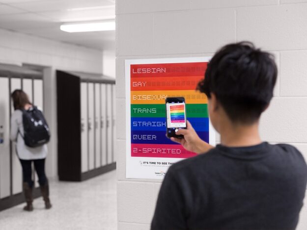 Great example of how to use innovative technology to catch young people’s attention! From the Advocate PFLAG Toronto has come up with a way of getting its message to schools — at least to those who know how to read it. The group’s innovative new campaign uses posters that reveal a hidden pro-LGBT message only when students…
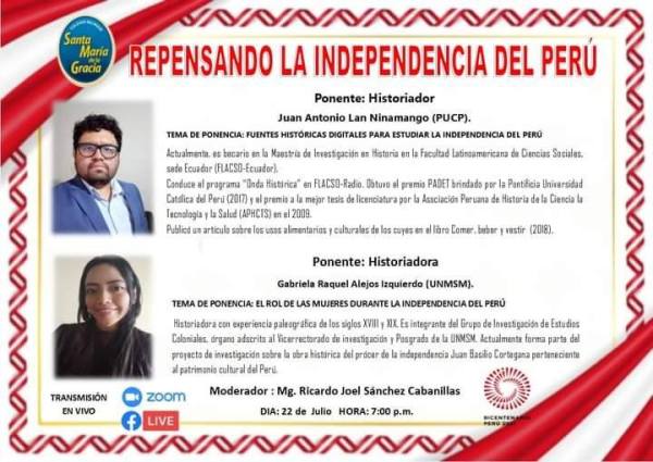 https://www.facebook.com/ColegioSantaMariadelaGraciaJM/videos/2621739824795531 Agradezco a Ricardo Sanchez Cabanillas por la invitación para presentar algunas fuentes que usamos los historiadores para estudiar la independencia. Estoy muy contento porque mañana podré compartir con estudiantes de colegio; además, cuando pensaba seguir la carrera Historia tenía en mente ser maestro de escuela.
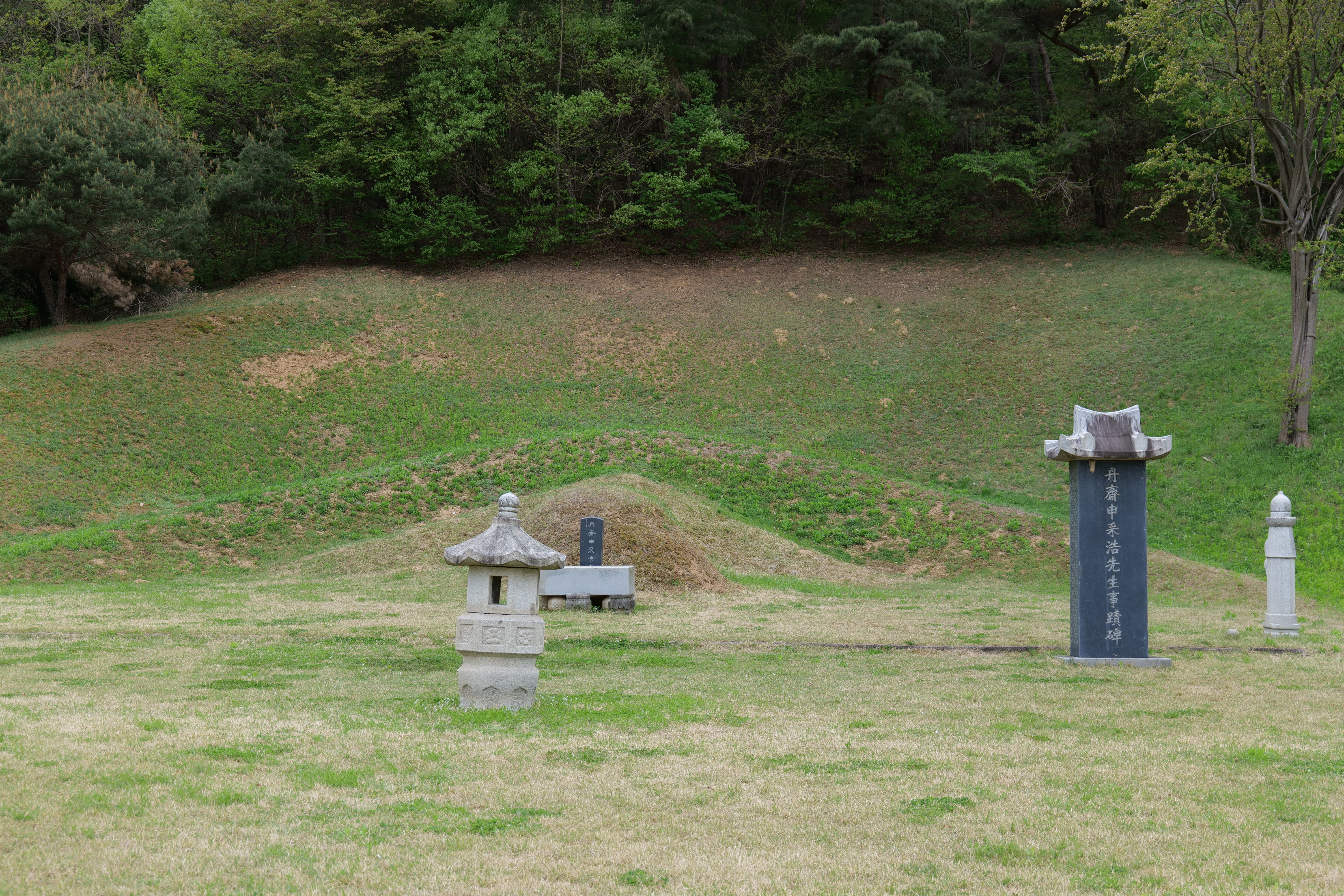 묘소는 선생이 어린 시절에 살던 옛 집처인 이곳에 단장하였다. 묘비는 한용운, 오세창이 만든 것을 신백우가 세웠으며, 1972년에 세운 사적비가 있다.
________________________
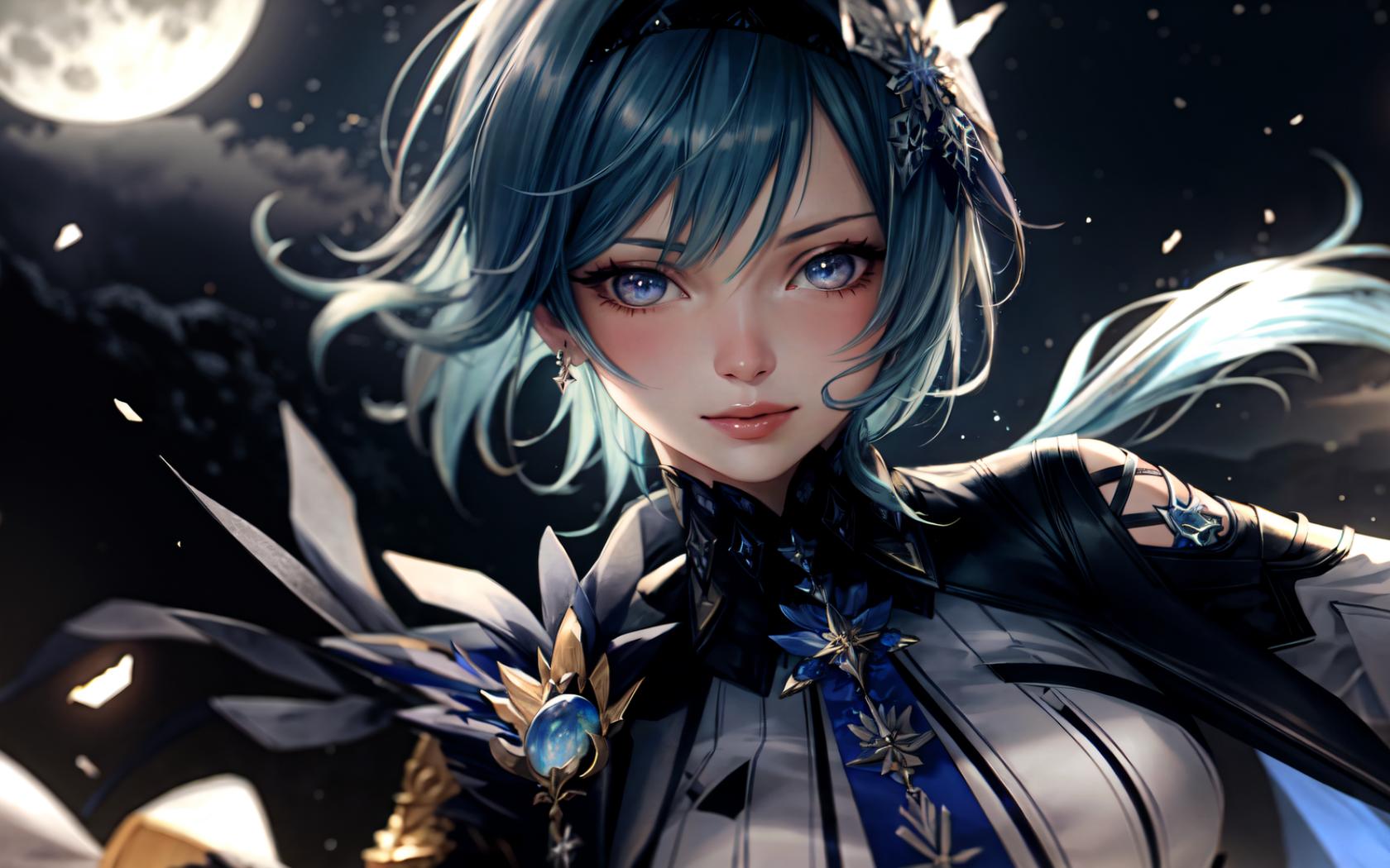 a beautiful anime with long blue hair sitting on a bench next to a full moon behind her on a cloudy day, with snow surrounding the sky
________________________
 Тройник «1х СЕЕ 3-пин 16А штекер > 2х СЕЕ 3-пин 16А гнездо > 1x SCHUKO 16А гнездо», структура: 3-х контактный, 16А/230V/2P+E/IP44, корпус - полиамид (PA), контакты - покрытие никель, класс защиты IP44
________________________
- What is required -
From the material above, give again exactly the lines from the one that contains "maestro de escuela." through the one that contains "묘소는 선생이 어린 시절에", and leave out the pictures.

- Exercise answer -
 https://www.facebook.com/ColegioSantaMariadelaGraciaJM/videos/2621739824795531 Agradezco a Ricardo Sanchez Cabanillas por la invitación para presentar algunas fuentes que usamos los historiadores para estudiar la independencia. Estoy muy contento porque mañana podré compartir con estudiantes de colegio; además, cuando pensaba seguir la carrera Historia tenía en mente ser maestro de escuela.
 묘소는 선생이 어린 시절에 살던 옛 집처인 이곳에 단장하였다. 묘비는 한용운, 오세창이 만든 것을 신백우가 세웠으며, 1972년에 세운 사적비가 있다.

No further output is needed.